I know, it’s horrible to try and describe! I used to think “well this is the worst I’ve ever felt with the pain so it’s gotta be higher than the last time” and end up saying a 10 so when the doctor I saw told me about that scale I thought ooh okay, maybe it was only a 9 actually! But I’ve definitely found that’s it’s helped me using that kind of outline. It’s just such a weird concept that if we say it’s too high for them to “believe” then they might not take us seriously 🤦🏼♀️ x
Thank you so much for this, I needed this badly ready for my third opinion tomorrow night, with a private gynae. During my period I’m at a 7-8 and crying.
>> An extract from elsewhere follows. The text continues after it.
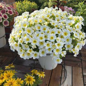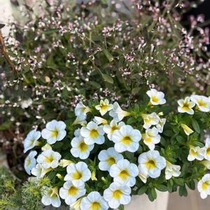 🌼 スーパーベル ハニーヨーグルト 🌼 PW 1️⃣3年目のカリブラコアです。 昨年、肥料をハイポネックス微分とハイポネックス原液から花工場1択で育てました。 結果、花数は多く咲きましたが枝が柔らかく少しだらしない姿に…😥 ↓ 今年は微分ハイポネックスと花工場を使用して育ててます。 あと、昨年の秋🍁から株元付近の枝から新芽を出す為に何度も切り戻し✂️をして、最終的には6号鉢サイズ(約18cm)までサイズダウンしました。 その後、花芽を見つけたら✂️してを何度も繰り返して順調に育ちました👍 2️⃣のpicのようには開花しませんでしたが💦自分では大満足です😊 2️⃣2年前に PWフォトコン(夏最強の PW)で賞🏆を取った時のpic📸 ハニーヨーグルトはとても育て易いのでオススメですヨ❣️

It’s quite handy isn’t it, I’ve been so thankful ever since that she told me this.
On a totally different note, good luck with your appt. My gynae consultant and also the gynae who performed my lap were both refusing to see me and I ended up also booking a consultation with a private gynae and it was honestly the best decision I ever made! He’s even taking me on as a nhs patient for my next lap as I was self funding x
Yeah I’m just scared of the pelvic exam because it causes me that much pain, I cry. The last gynae I saw said that was normal xx
Definitely not normal! I was quite fortunate that mine decided not to do the exam based on my history and the fact he thinks my lap just wasn’t extensive enough, I was so relieved x
I thought I was just going crazy tbh, that it’s all in my head. This gynae I’m seeing tomorrow specialises in endo and lap surgery for it. I’ve tried everything now from diet to hormone pills xx
hi i can only describe mine as if i have a rat in my pelvis running from side to side eating me alive. Bit dramatic but that's the only way i describe it x
I’m so sorry you’re feeling like this but having just watched muppets Christmas carol (for the last time this festive period!) with my nephew and watching Rizzo the rat chow down on apples, that’s all I can picture now - him chomping on ovaries like they’re apples 🙈 x
Love the pain scale thing! Although I’ve been diagnosed with stage 3/4 endo and adenomyosis I know I’m lucky compared with others as my pain scale is usually around 3-4. I don’t have periods but suspect things would be worse if I did! I get pain in my bladder when peeing, and sex can be pretty uncomfortable as I feel the pain in my butt 😵, but embarrassing to describe to your consultant! I’d describe mine as a stinging pain, but the rat analogy works for me too! And dull ache in back/entire abdo and down my right leg too. Most of my endo is in the right side, but now I’m in tune with the feeling I have a suspicion it’s moved to the left too...and the general groggy/sluggish feeling that goes with it...hate that!
I really liked this post. It described what I'm going through. Whenever I try to explain my pain nobody takes it seriosuly.. They all think I'm exaggerating, so I stopped talking about it.
I feel more depressed now 'cause nobody listens or feel my pain.
I hate hormonal injections they make me feel bad about myself ):
Omg. I went to a consultant appointment yesterday and felt like a complete idiot when he asked me to describe the pain. I mean only know the type of pain i have felt in my life so what am i supposed to compare it to when describing it?!